Scusa, la premessa già non va, perché se si avverte non dico stanchezza, ma poca disponibilità, non si prende in considerazione proprio la domanda “vado al mare o in montagna”? allora per stare bene e riposare è indispensabile il mare o la montagna? E chi non c’è mai stato non si rilassa mai?
Ma se uno tra l’andare e il non andare, sceglie di andare lo stesso e poi si accorge che non ha energia sufficiente, torna indietro?
Torna indietro oppure si ferma a metà strada e si riposa.
E se una persona sceglie di partecipare controvoglia a qualcosa che aveva preso sottogamba, per esempio ad una riunione?
Lascia la riunione.
E lascia una riunione di lavoro?
Metti che ti viene un infarto: non lasci la riunione?
Ma l’infarto è un impedimento grave.
E’ un impedimento sociale, per cui viene accettato. Ed il produrre malessere non è un impedimento grave? E’ meno accettato perché non è un elemento che ti fa rischiare la vita! Qui interviene la protezione che bisogna avere della propria identità: quindi si “deve” dire una bugia per difesa ed allontanarsi dalla riunione, accusando, magari, un forte mal di testa o una colica. In questo modo, socialmente, viene accettata la tua motivazione e tu ti proteggi e te ne vai.

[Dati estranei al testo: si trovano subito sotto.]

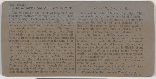 l.r. printed: 6242 - The Great Dam, Assuan, Egypt.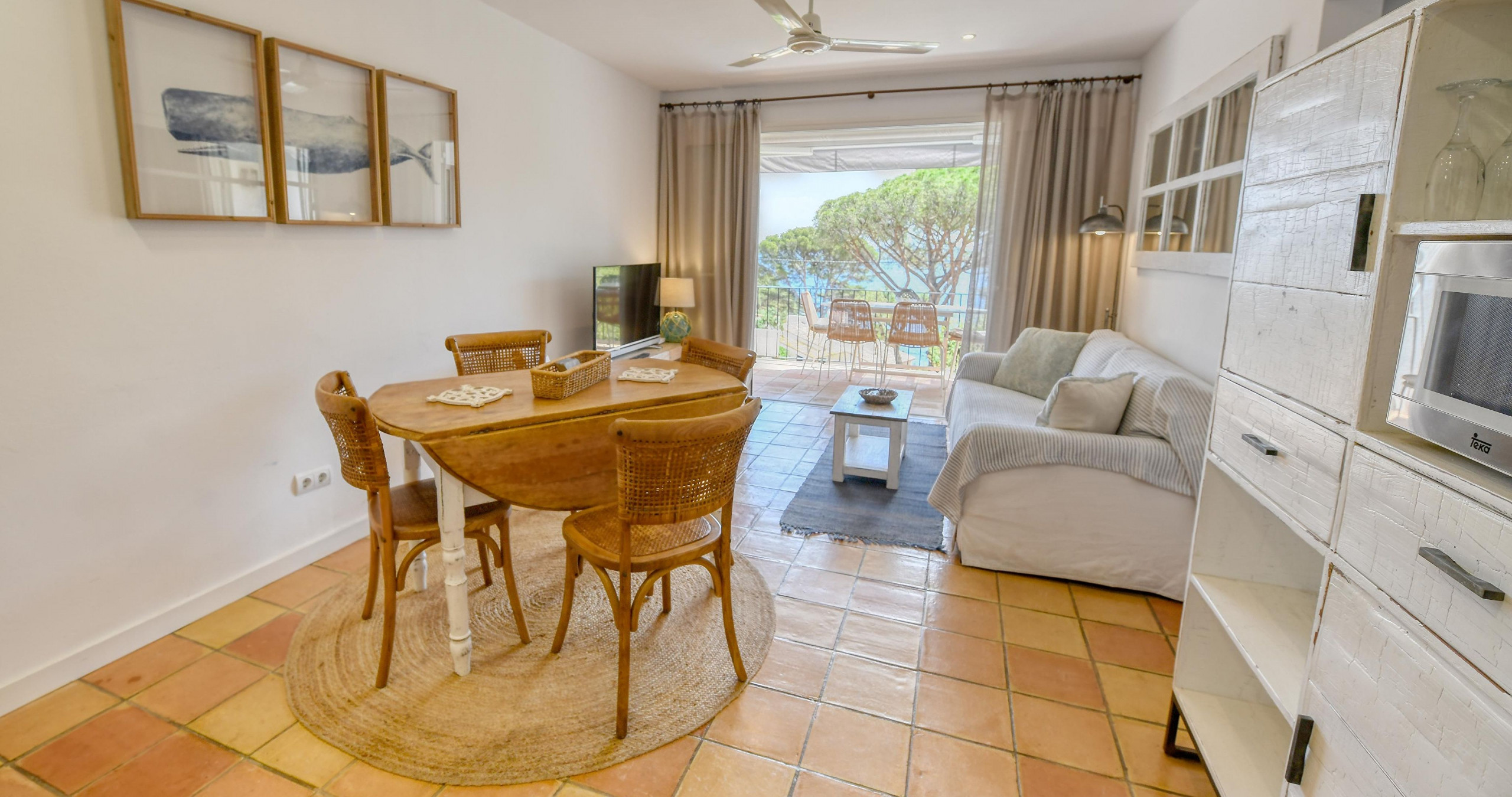 Appartement à Calella de Palafrugell qui possède 3 chambre(s) et Capacité pour 6 personnes. Logement de 56 m² accueillant et très lumineux, situé en front de plage, avec vue sur la mer. La location se trouve à 75 m de la plage de sable, 75 m de la plage de roche, 260 m du supermarché, 6 km de la gare routière, 14 km de l'hôpital, 14 km du domaine de Golf, 21 km du parc aquatique, 50 km de l'aéroport, 50 km de la gare, 140 km de l'aéroport et il est situé dans une zone tranquille zone et près de la mer.Elle dispose de terrasse, lave-linge, fer à repasser, accès internet (wifi), 1 Télévision.La cuisine américaine, à induction, est équipée avec réfrigérateur, micro-ondes, four, congélateur, lave-vaisselle, vaisselle/couverts, ustensiles/cuisine, cafetière, grille pain et bouilloire.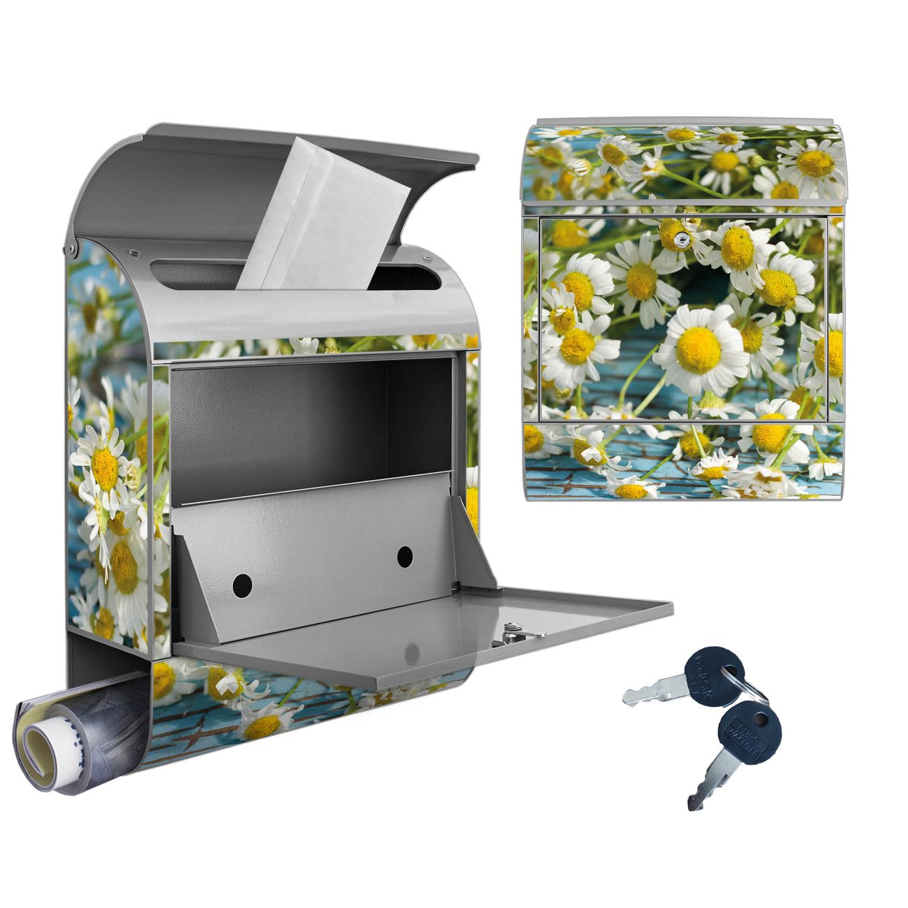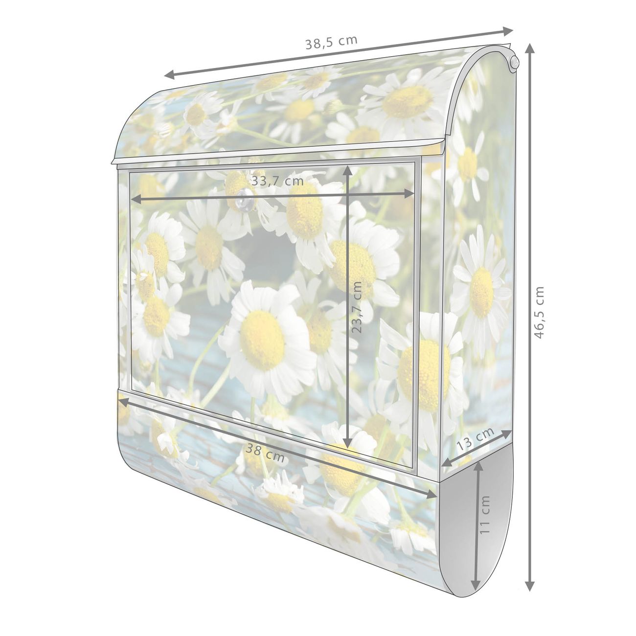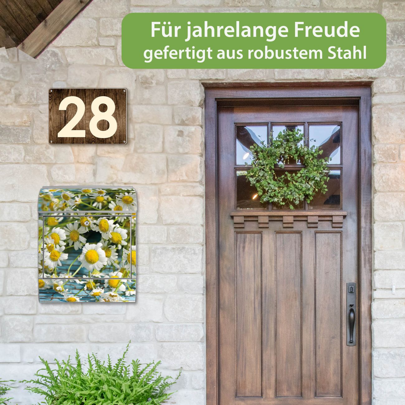DESIGN: Der Postkasten mit Motiv Motiv Tausendschön hat ein sehr ansprechendes und ausgefallenes Design, damit entlocken Sie Ihren Nachbarn und dem Postboten ein Lächeln. Heben Sie Sich von der tristen grauen Masse ab, ohne auf Funktionalität zu verzichten. DETAILS: Der Postkasten besteht aus pulverbeschichtetem Stahl. Er ist 38x46x12,5cm groß. Das Motiv besteht aus einer wetter- und UV-resistenten Folie, die mit einem Schutzlaminat überzogen ist, sodass der Briefkasten zusätzlich vor Kratzern geschützt ist. Der Briefkasten wird mit Montagematerial, zusätzlich zwei Schlüssel sowie einer Bohrschablone geliefert. NUTZEN: Sie können diesen Briefkasten sowohl als Wandbriefkasten montieren oder einen passenden Ständer kaufen und als Standbriefkasten einbetonieren. Die Größe bietet genügend Platz für Sendungen aller Art, der Einwurf fasst auch größere A4 Sendungen. BANJADO: Ihr Briefkasten wird in Sachsen in einer kleinen Manufaktur von Hand veredelt. Die Motivfolie ist lösungsmittelfrei und schutzlaminiert für einen langen Halt. Wir legen großen Wert auf die Verbindung von Funktionalität und Design. Sie erhalten Handarbeit aus Sachsen.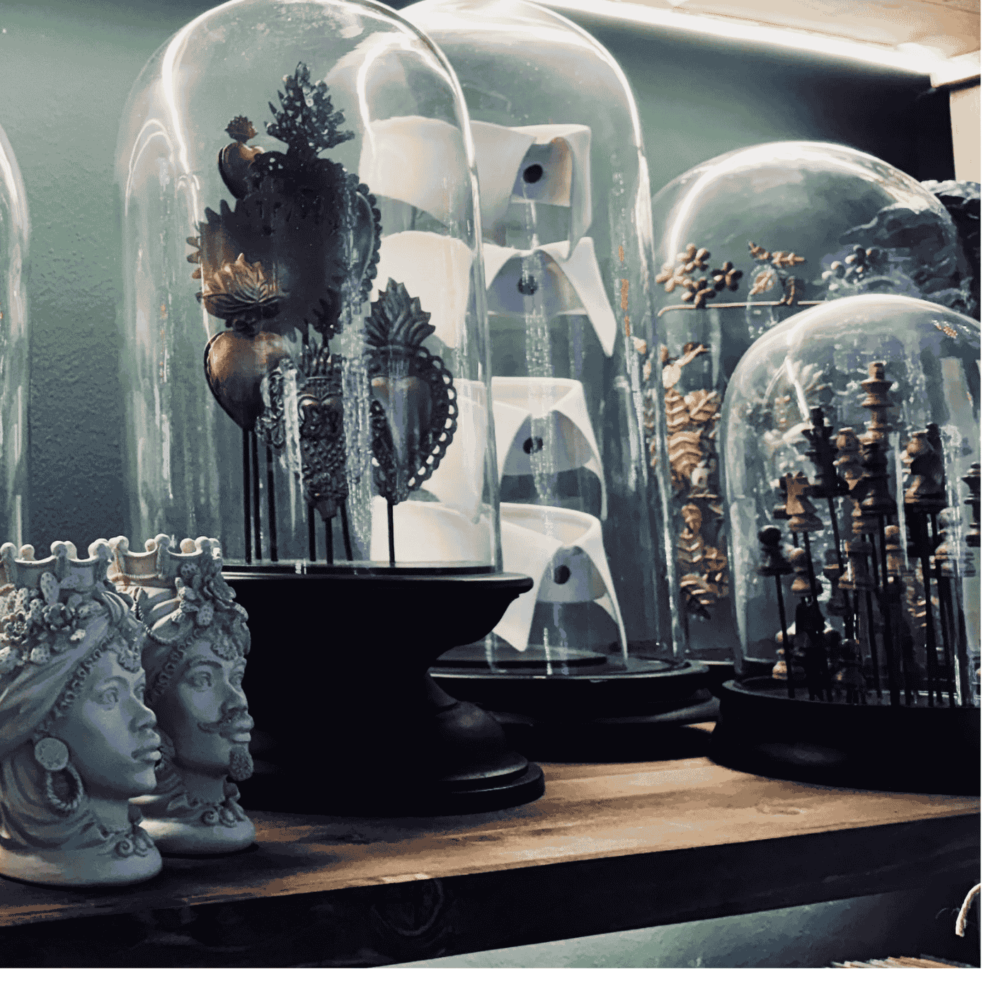 legno do mango, ferro e vetro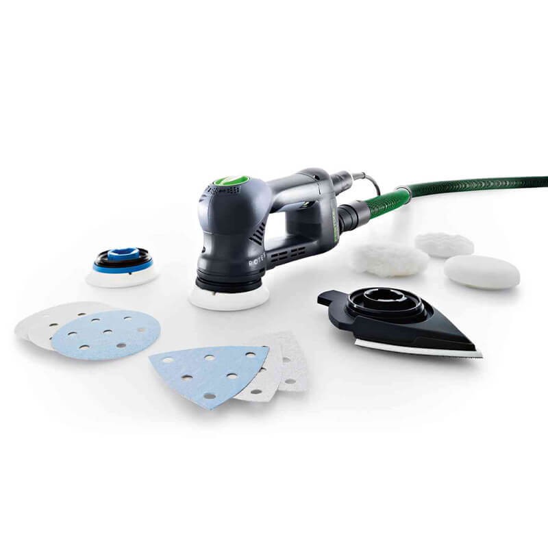 Polyvalente jusque dans les coins, quatre outils en un. Grande polyvalence, avec son principe ROTEX reconnu, la nouvelle ponceuse ROTEX RO 90 DX séduit dans le domaine du ponçage de dégrossissage, du ponçage de finition et du polissage. En plus, elle s'adapte pour le ponçage dans les coins : le plateau de ponçage ou de polissage peut être remplacé grâce à l'interface FastFix par un plateau triangulaire permettant de transformer la ponceuse ROTEX RO 90 DX en une ponceuse Delta.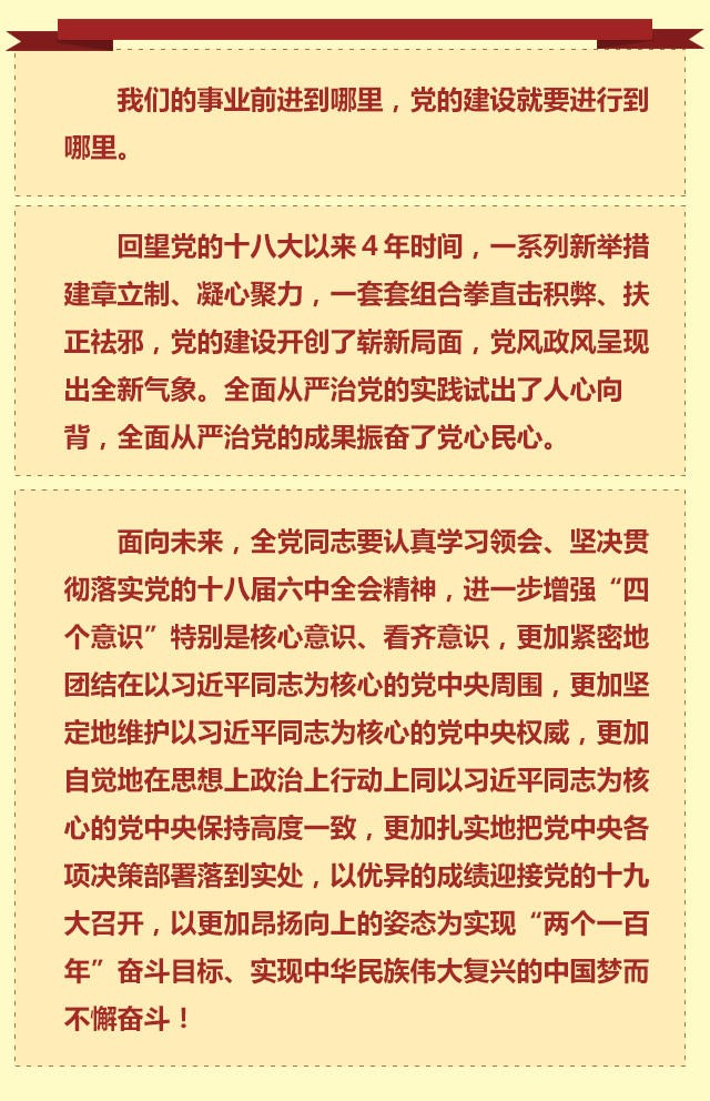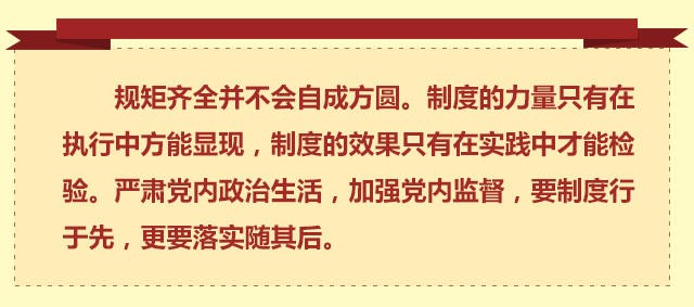 思想是根本,规矩是保障。 党的十八大以来,党中央以作风建设为突破口,在党的群众路线教育实践活动中强基固本,在党风廉政建设和反腐败斗争中激浊扬清,在“三严三实”专题教育中锤炼党性,在“两学一做”学习教育中砥砺全党,思想建党的步伐坚实有力。 党的十八大以来,党中央陆续出台《中国共产党廉洁自律准则》和《中国共产党纪律处分条例》,为全党树立了道德高线和纪律底线;出台《党政领导干部选拔任用工作条例》,构建科学有效的选人用人机制;出台《推进领导干部能上能下若干规定(试行)》,推动形成能者上、庸者下、劣者汰的用人机制……依规治党的决心毫不动摇。 立规明矩,纲举目张。随着这次《准则》和《条例》的正式施行,全面从严治党掀开了崭新一页。 严肃党内政治生活,只有抓好思想教育这个根本,才能教育党员、干部筑牢信仰之基、补足精神之钙、把稳思想之舵;只有抓好严明纪律这个关键,才能把纪律规矩立起来、严起来,切实扎紧织密制度的笼子;只有抓好选人用人这个导向,才能以用人环境的风清气正促进政治生态的“山清水秀”;只有用好组织生活这个经常性手段及批评和自我批评这个武器,才能加强经常性教育、管理、监督,彰显党内政治生活的本质。 不断加强党内监督,各级党委要肩负起主体责任,强化管党治党的责任担当,把监督责任牢牢扛在肩上,敢抓敢管、勇于监督;纪委和党的工作部门要各司其职,充分履行监督执纪问责职责;充分发挥党员的民主监督作用,同时把党内监督与人民监督结合起来,共同推动全面从严治党不断走向深入。

Non è che nella riunione si stabilisce della tua vita o della tua morte.
E se senza la mia presenza viene pregiudicato l’interesse di un cliente? Ad es. io oggi avevo mal di testa, non me la sentivo di andare in udienza, ma ho preso un’aspirina e ci sono andata lo stesso.
Ci sono delle valutazioni che si fanno lì per lì, perché poi se si rimanda un impegno, lo si deve assolvere in un altro momento; e allora si può anche decidere di fare quell’ulteriore sforzo per poi mettersi a riposo tutta la giornata. Dipende dall’importanza dei propri impegni ricordando che, comunque, la priorità va assegnata alla tutela di se stessi…e basta!
Nel caso dell’udienza in non ho la facoltà di rinviarla.
In questo caso ti sforzi e per la volta successiva programmo meglio il tuo tempo e la tua energia per evitare di essere così stanca, ma sempre che tu abbia dell’energia per riuscire ad andarci. Se tu avverti di non averne non ci vai. Se tu avessi un attacco di appendicite, andresti? O piace o non piace al giudice o al cliente, non ci vai.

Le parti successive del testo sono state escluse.